Para pesquisadores de geografia, a vastidão do município de Altamira, no Pará, apresenta desafios colossais de administração. O local ostenta o título de maior cidade do Brasil em extensão territorial, superando o tamanho de Portugal e da Grécia.
Como é a geografia extrema do município de Altamira?
Este gigantesco município na selva amazônica abriga rios imensos, montanhas e reservas indígenas em seus quase 160 mil quilômetros quadrados. A distância entre a sede urbana e os distritos mais afastados pode levar dias de viagem por estradas de terra ou barcos.
Essa escala continental torna a fiscalização ambiental e a prestação de serviços básicos uma tarefa titânica. A densa Floresta Amazônica cobre a maior parte do território, criando uma barreira natural contra a ocupação urbana, mas também dificultando a integração logística.
Para dimensionar essa magnitude territorial de forma clara, elaboramos uma comparação técnica entre a área desta cidade brasileira e nações soberanas europeias:
| Território Comparado | Área Aproximada (km²) | Nível Administrativo |
| Altamira (Brasil) | 159.533 km² | Município (Cidade) |
| Grécia | 131.957 km² | País Soberano |
| Portugal | 92.212 km² | País Soberano |

Quais são os dados demográficos consolidados desta região?
Apesar de seu tamanho monumental, a região apresenta um forte contraste entre a imensidão da selva e a concentração da sua população na área urbana. Para traçar o perfil demográfico, utilizamos os dados geográficos oficiais medidos pelo Instituto Brasileiro de Geografia e Estatística (IBGE).
Os indicadores evidenciam os paradoxos da ocupação na Amazônia brasileira. As características demográficas e territoriais absolutas confirmadas pelas autoridades incluem:
- Densidade demográfica inferior a um habitante por quilômetro quadrado.
- População urbana concentrada nas margens do Rio Xingu.
- Presença de múltiplas terras indígenas demarcadas.
Quais os desafios de infraestrutura e gestão pública local?
Administrar um território dessa proporção exige recursos que frequentemente superam a arrecadação municipal.

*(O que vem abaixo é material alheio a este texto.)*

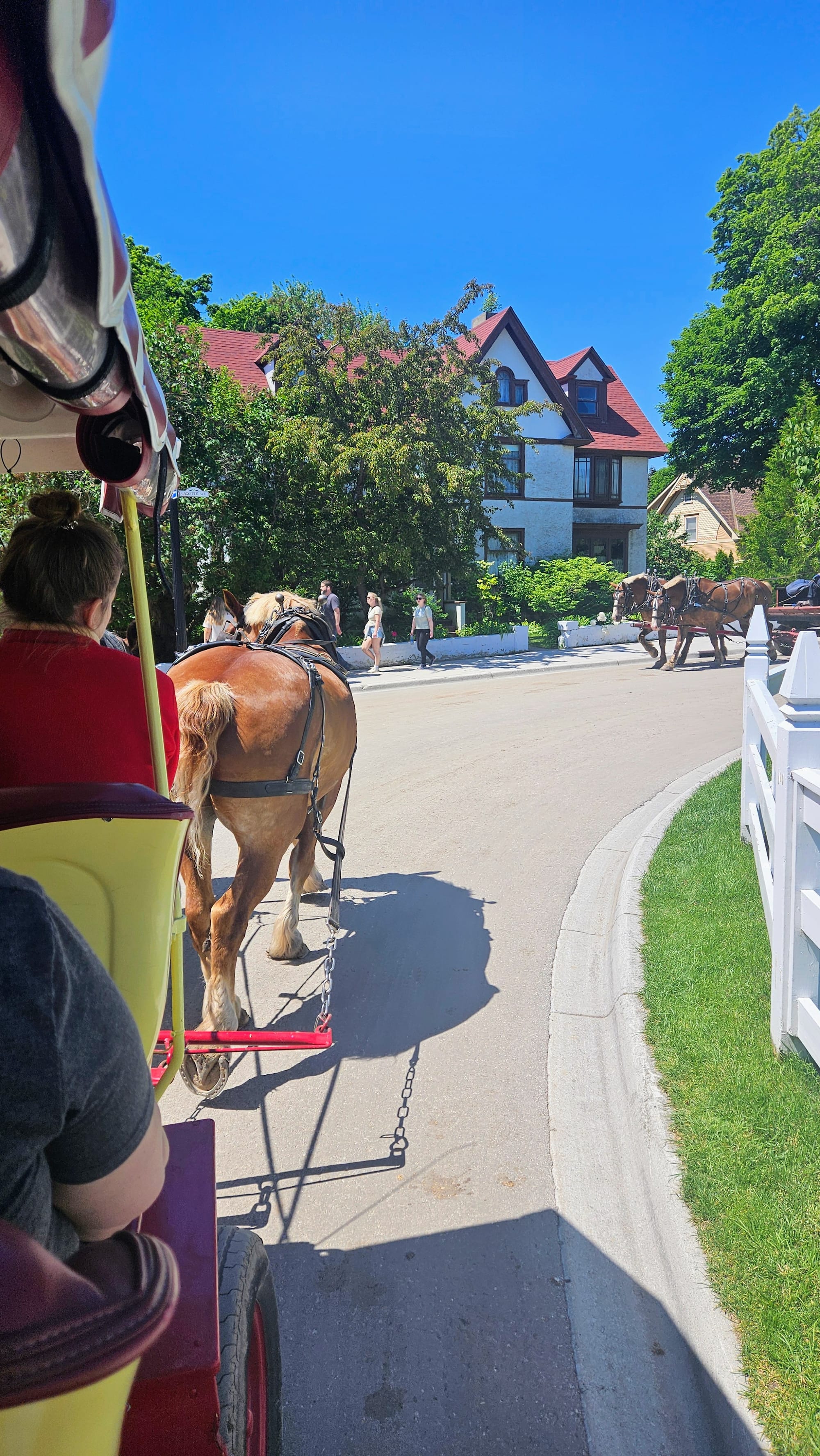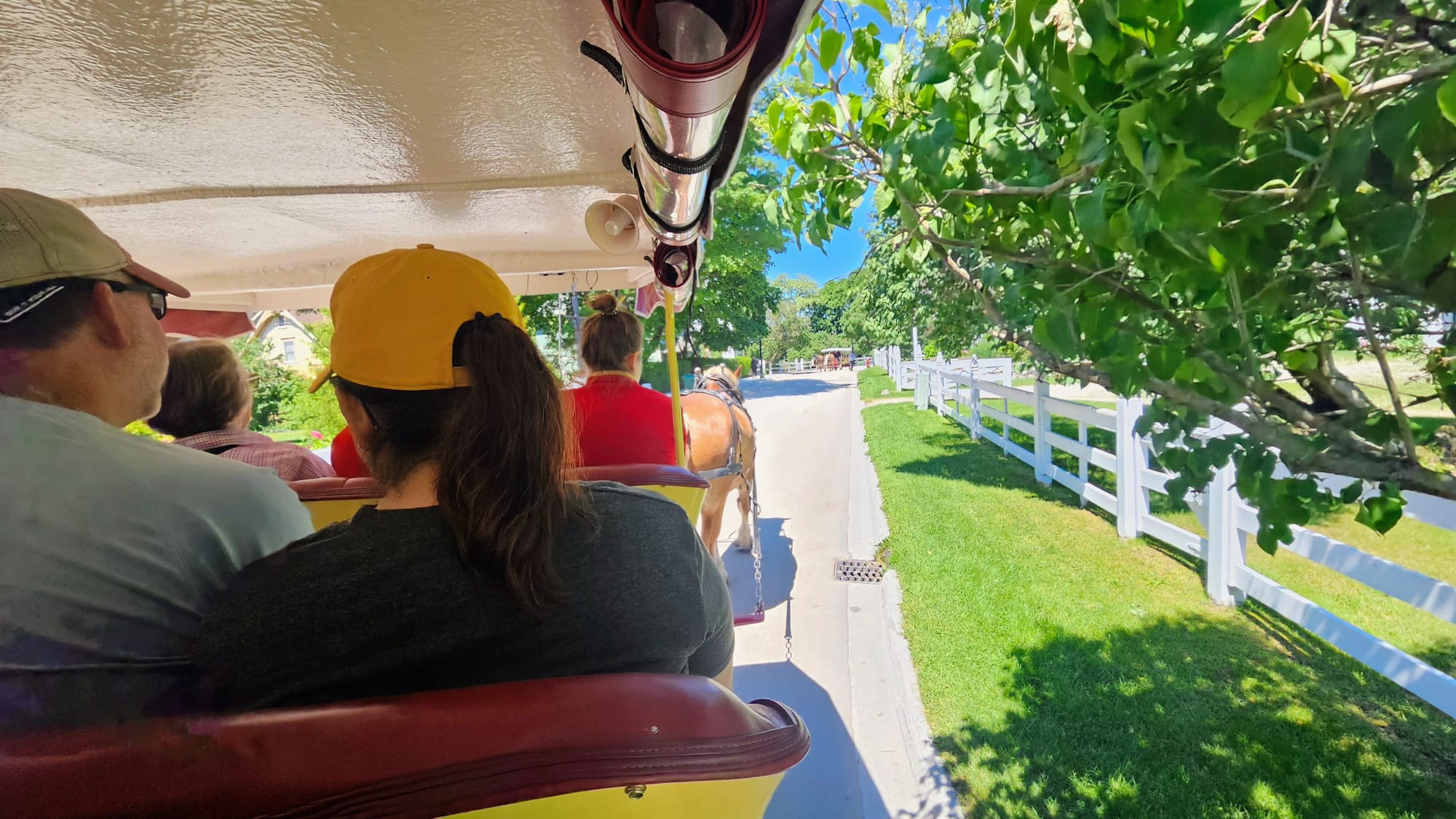 We walked around while we waited for our boarding time, and with a few minutes to spare, we made our way to the boarding line, where we waited a few more minutes before getting on the carriage. Within 3 seconds of talking, we realized that our guide was very, very new. She didn't seem comfortable, kept making really awkward jokes that didn't land, and she spoke in a sing-songy voice that was extra grating due to the low quality speaker in the carriage. As she showed us around town, her descriptions of places were very wrote. Later, when someone asked how long she's been working for the company, she said it was her first week. It was fine. Everyone is new at some point, but when we're spending (extra) money to take the tour, we wish we could have a decent guide. We've noticed in a lot of our tours that the guide can make or break the experience. Riding through the streets of Mackinac, we also discovered the downside to not having motors. The roads reeked of horse manure.

A manutenção de estradas vicinais durante o período de chuvas é quase impossível, isolando comunidades rurais e prejudicando o escoamento da produção agrícola.
Além disso, a saúde e a educação precisam de logística aérea ou fluvial especializada. O Ministério da Saúde frequentemente atua em conjunto com as Forças Armadas para garantir que vacinas e médicos cheguem às aldeias e ribeirinhos mais distantes.
Para aprofundar seu roteiro pela Amazônia paraense, selecionamos o conteúdo do canal Turismo Aqui, No vídeo a seguir, o canal detalha visualmente as belezas naturais, a cultura da produção de cacau e a grandiosidade estrutural da usina de Belo Monte em Altamira:
Como as grandes obras impactaram a economia da cidade?
A construção de megaobras de infraestrutura, como a usina hidrelétrica de Belo Monte, alterou drasticamente a economia e a paisagem social da região. O projeto atraiu milhares de trabalhadores, gerando um boom populacional rápido e desordenado na sede urbana.
Esse inchaço demográfico trouxe investimentos temporários, mas também sobrecarregou o sistema de segurança pública e a habitação. Hoje, a administração busca diversificar a economia através da extração sustentável de cacau e produtos florestais, visando um desenvolvimento a longo prazo.
Qual o futuro da preservação ambiental nesta área imensa?
O município está no centro do debate global sobre o desmatamento da Amazônia. A pressão de madeireiros ilegais e a expansão da fronteira agrícola representam ameaças constantes à biodiversidade e aos povos originários que habitam as florestas protegidas.
O uso de monitoramento por satélite e o fortalecimento de agências ambientais são essenciais para conter a devastação. O sucesso na proteção desta área gigantesca é vital não apenas para o Pará, mas para a estabilidade climática de toda a América do Sul.